汉子们打起架来眼红,常常六亲不认,一般人都不敢靠近。
此时更是吓得方夏都呆住了,他从没见过李远山同人动手,虽说自家汉子长得有些吓人,可自打他嫁过来这些日子,对他都是和和气气的,哪有今日这番模样。
还是柳满机灵,急忙叫住了围着常六指的三个人,虽说此事他们占理,可若是将人打出个好歹来他们也得吃官司。
再者说这事事关孙青青的名声,女子哥儿最看重名节,若是闹的大了被村里人知道,免不了要被说三道四,到时候传着传着有理也变成没理了。
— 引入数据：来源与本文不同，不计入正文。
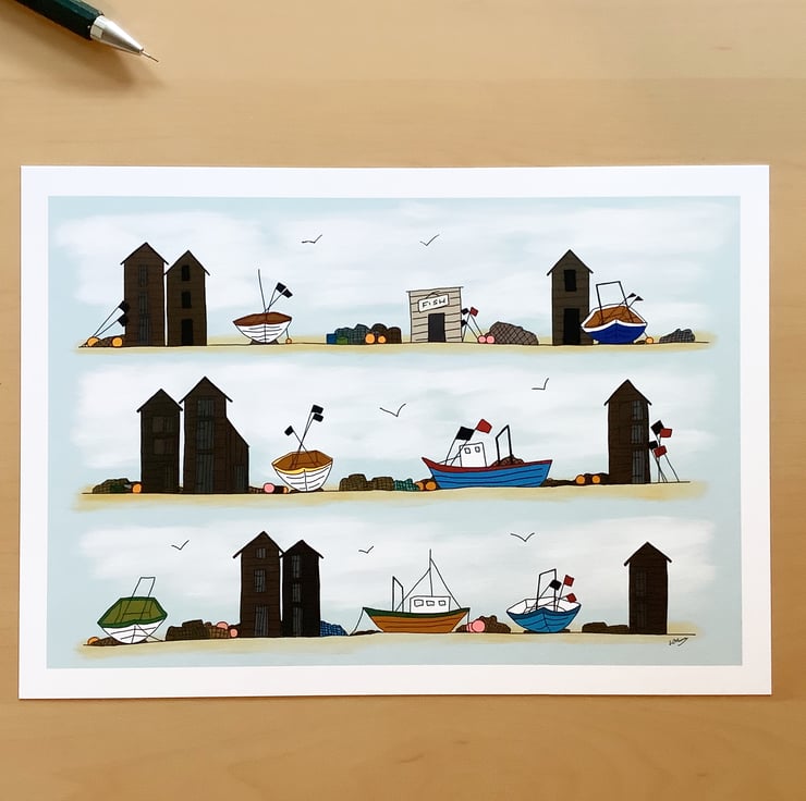 Fishing huts and boats - high quality open edition print from my digital illustration.
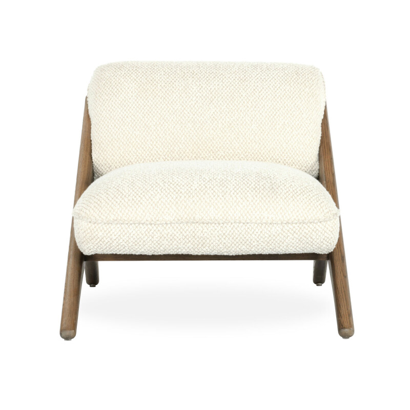 Designed to embrace, the Georgia Upholstered Accent Chair offers a seamless fusion of sculptural form and cloud-like comfort. Its arched wooden frame creates a striking foundation, while the plush ivory upholstery invites you to sink in and unwind.

吴大牛呸了一声,警告道:“若是敢出去瞎说,定是饶不了你!”
“不敢说,肯定不敢说!”常六指哆哆嗦嗦回,整个人在地上缩成一团,抖个不停。
李远山眯着眼睛,脸色黑沉沉的,只压着声音喝道:“滚!”
常彪一听这凶神发话,屁都不敢放一个,麻溜地从地上爬起来踉踉跄跄跑了。
见人跑了,他们也不追,只让方夏和柳满先送孙青青回去,
柳满心细,帮着孙青青拍拍身上的草叶土屑:“这事儿啊不能声张,若是给一些爱嚼舌根的人听了去,不定怎么编排你呢,以后啊也别自己一个人出来,喊上我和夏哥儿。”
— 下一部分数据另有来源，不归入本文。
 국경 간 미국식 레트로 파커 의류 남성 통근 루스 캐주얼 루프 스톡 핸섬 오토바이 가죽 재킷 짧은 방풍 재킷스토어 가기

“满哥儿说的是呢,青青你若要挖野菜或是采菌子,咱们结伴儿出来。”方夏跟着点点头。
方才被李远山凶狠的样子吓呆了,此时才回过神来,拿着帕子帮孙青青擦着脸,他不善言辞,便顺着柳满的话说。
孙青青此刻才止住了眼泪,她一个妇道人家,哪里见过这样的腌渍事,更别说常六指这样不要脸的无赖了,当时惊惧之下除了拼命挣扎只剩下哭泣,这会儿缓过劲来也庆幸自己运气好,碰上了李云山救她。
她抽噎着回头看了李云山一眼,眼睛红红的低声头道谢。
跟在他们身后不远处的李云山看到了,不好意思地挠挠头,忙红着脸摆手示意不用谢。
他们几个汉子为了避免被人看见说闲话,便远远跟在方夏他们身后,几人前后脚回了村。
一路无话,待几人走到到巷子口,太阳早就落下去了。
家家户户院子里都飘着饭菜的香味,趁着天黑前最后一丝光亮,庄户人家要赶紧做饭吃饭,再晚省的还得点油灯。
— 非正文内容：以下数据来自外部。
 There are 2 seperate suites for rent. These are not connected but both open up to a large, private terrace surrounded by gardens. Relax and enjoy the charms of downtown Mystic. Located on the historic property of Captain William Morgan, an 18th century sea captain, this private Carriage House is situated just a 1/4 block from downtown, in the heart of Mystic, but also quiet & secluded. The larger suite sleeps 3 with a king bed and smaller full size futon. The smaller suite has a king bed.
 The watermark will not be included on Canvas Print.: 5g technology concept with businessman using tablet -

远远地就听见孙青青的婆母徐老太的声音:“青青!孙青青!你野去哪里了?这时候了也不回家做饭,等着我们饿死吗?”
一听徐老太的语气不好,孙青青顾不得其他,匆匆同方夏、柳满招呼一声便回家去了,等她进了院子,还能听见徐老太埋怨责怪的声音。
柳满着急回家看孩子,他们出来一下午,不知道小石头乖不乖,他叹了口气转身进了自家院子。
只剩下方夏懵懵地站在家门口,此时身边没人,周围安静下来,不由得想起李远山打人时的狠劲,他后知后觉心里生出了些许怕意。
还没等方夏想明白什么,后边跟着的李远山走过来拉着他的手腕道:“怎地不进家?站在门口做什么?”
方夏不自在地瑟缩了一下,没挣脱,被李远山就这么拉着迈进了院门。
灶房里,周秀娘早就熬好了米粥烙好了饼,只等他们几个回来就能开饭,李青梅见人进门,连忙去水缸里舀水好让他们洗干净手吃饭。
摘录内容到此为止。